▶ _EXERCISE DATA_
---------------

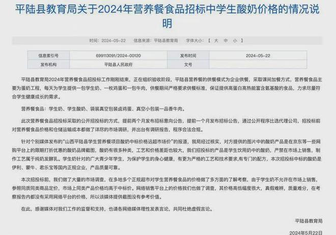 2024年5月,“山西平陆县学生营养餐项目酸奶中标价格远超市场价”一事经媒体报道后引发广泛关注。随后,在《平陆县教育局关于2024年营养餐食品招标中学生酸奶价格的情况说明》中,平陆县教育局(现平陆县教育体育局)称媒体报道中所引用的酸奶市场价格不具有参考价值,并强调其营养餐食品招投标程序合法合规。
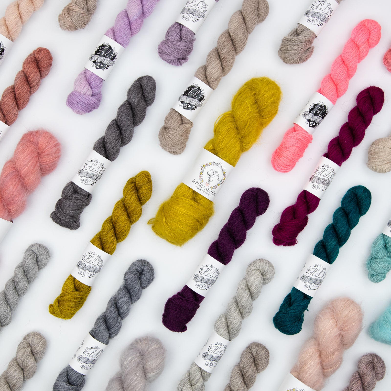 These bundles are offered in Helix and Felix minis when they contain up to 2 minis of each color. Starting with 3 minis, they are replaced with a full skein, as it is more cost effective this way.
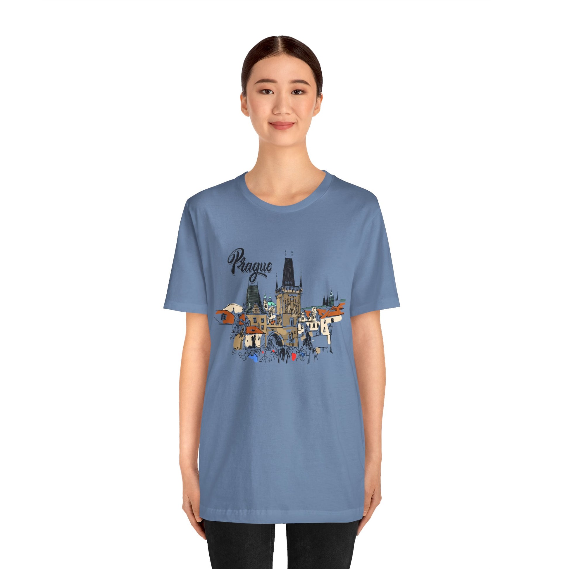 Capture the magic of Prague with the Prague Graphic Unisex Tee. Featuring a stunning design that highlights the city's famous landmarks, cobblestone streets, and timeless beauty, this tee is the ideal souvenir for travel lovers and city explorers alike. Whether you've visited the picturesque capital or dream of strolling along the Vltava River, this graphic tee lets you carry a piece of Prague wherever you go.

---------------

▶ _YOUR GOAL_
Make an exact copy of the listing above. Its pictures are not needed.

▶ _ANSWER TO THIS EXERCISE_
 2024年5月,“山西平陆县学生营养餐项目酸奶中标价格远超市场价”一事经媒体报道后引发广泛关注。随后,在《平陆县教育局关于2024年营养餐食品招标中学生酸奶价格的情况说明》中,平陆县教育局(现平陆县教育体育局)称媒体报道中所引用的酸奶市场价格不具有参考价值,并强调其营养餐食品招投标程序合法合规。
 These bundles are offered in Helix and Felix minis when they contain up to 2 minis of each color. Starting with 3 minis, they are replaced with a full skein, as it is more cost effective this way.
 Capture the magic of Prague with the Prague Graphic Unisex Tee. Featuring a stunning design that highlights the city's famous landmarks, cobblestone streets, and timeless beauty, this tee is the ideal souvenir for travel lovers and city explorers alike. Whether you've visited the picturesque capital or dream of strolling along the Vltava River, this graphic tee lets you carry a piece of Prague wherever you go.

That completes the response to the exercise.